• [GIVEN DATA]:
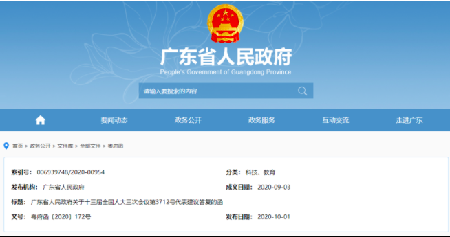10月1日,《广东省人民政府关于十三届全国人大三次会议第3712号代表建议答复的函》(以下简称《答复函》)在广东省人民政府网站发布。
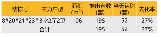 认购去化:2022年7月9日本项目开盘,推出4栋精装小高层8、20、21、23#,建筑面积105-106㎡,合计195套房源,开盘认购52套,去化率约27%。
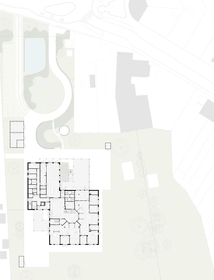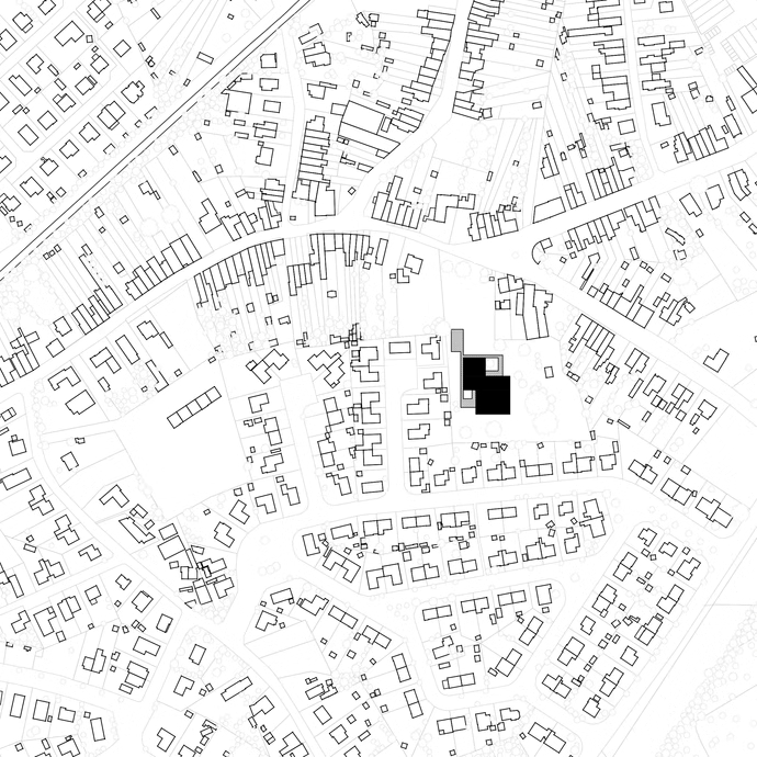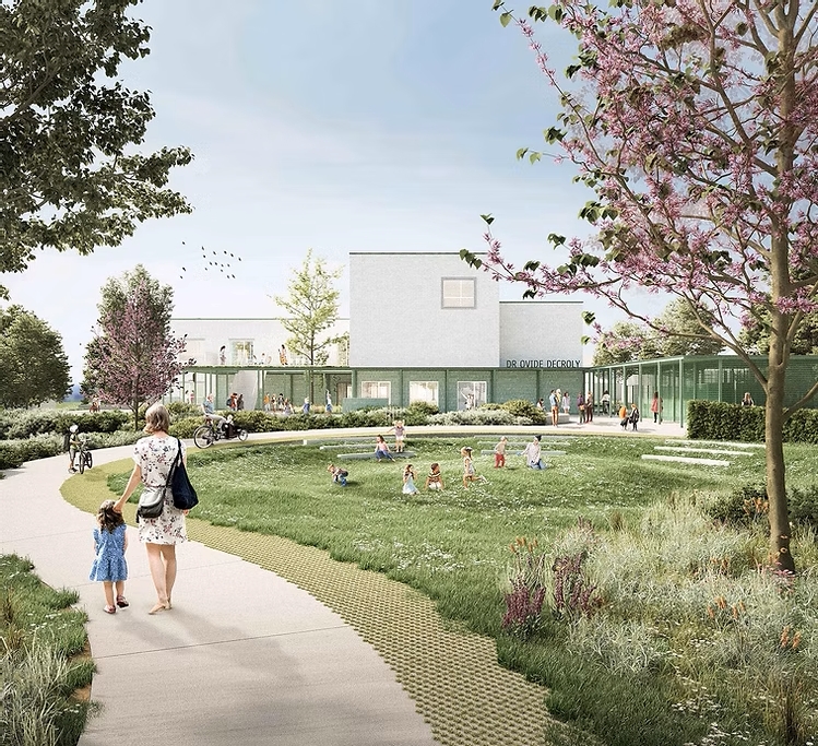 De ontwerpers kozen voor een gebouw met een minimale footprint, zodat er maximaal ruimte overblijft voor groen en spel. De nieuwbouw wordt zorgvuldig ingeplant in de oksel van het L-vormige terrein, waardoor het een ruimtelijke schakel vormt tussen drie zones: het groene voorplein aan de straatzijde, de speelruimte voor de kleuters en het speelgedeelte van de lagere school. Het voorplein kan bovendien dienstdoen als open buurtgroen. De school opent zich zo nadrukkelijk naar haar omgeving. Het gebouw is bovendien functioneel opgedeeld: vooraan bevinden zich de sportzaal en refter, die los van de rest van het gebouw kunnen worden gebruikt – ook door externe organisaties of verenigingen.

• [ABOUT THIS TASK]: Please return exactly the lines above, from where the listing starts to the line holding "认购去化:2022年7月9日", inclusive, with the pictures omitted.

• [OUTPUT BELOW]:
10月1日,《广东省人民政府关于十三届全国人大三次会议第3712号代表建议答复的函》(以下简称《答复函》)在广东省人民政府网站发布。
 认购去化:2022年7月9日本项目开盘,推出4栋精装小高层8、20、21、23#,建筑面积105-106㎡,合计195套房源,开盘认购52套,去化率约27%。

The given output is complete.